- **TASK INSTRUCTIONS**: With pictures excluded, give again exactly the lines running from the one holding "До Диксона оставалось" through the end of the listing below.

- **COLLECTED DATA**:

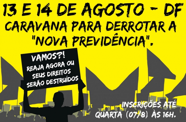 A diretoria do Sintrajud convida os servidores do Judiciário Federal para mais uma rodada de pressão sobre os parlamentares, para que votem contra a PEC 6/2019, da ‘reforma’ da Previdência. O Congresso Nacional retomou os trabalhos e o governo pressiona para que a votação no plenário da Câmara dos Deputados, em segundo turno, aconteça o mais rápido possível, por isso, a pressão dos servidores é fundamental. Será a quarta caravana em pouco mais de um mês, e dessa vez os participantes deverão permanecer em Brasília nos dias 13 e 14 de agosto.
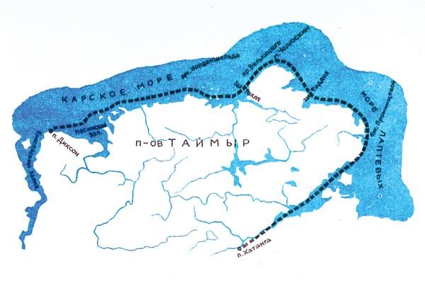 До Диксона оставалось 250 километров. К утру вышел на восточный берег Пясинского залива. Впереди шхеры Минина, сложный для мореплавания участок. Даже паровая яхта Э.В. Толля «Заря» в 1900 году с большим трудом выбралась из этого района. «Все еще в шхерах Минина, которые доставляют нам немало огорчений», – писал в дневнике Толль 23 августа.
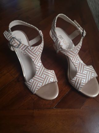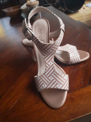 Sandalia Amarú de piel jaspeada. Tacón altura 8 cm. Talla 37. Color beige y blanco. Casi nuevas.

- **WORKED SOLUTION**:
 До Диксона оставалось 250 километров. К утру вышел на восточный берег Пясинского залива. Впереди шхеры Минина, сложный для мореплавания участок. Даже паровая яхта Э.В. Толля «Заря» в 1900 году с большим трудом выбралась из этого района. «Все еще в шхерах Минина, которые доставляют нам немало огорчений», – писал в дневнике Толль 23 августа.
 Sandalia Amarú de piel jaspeada. Tacón altura 8 cm. Talla 37. Color beige y blanco. Casi nuevas.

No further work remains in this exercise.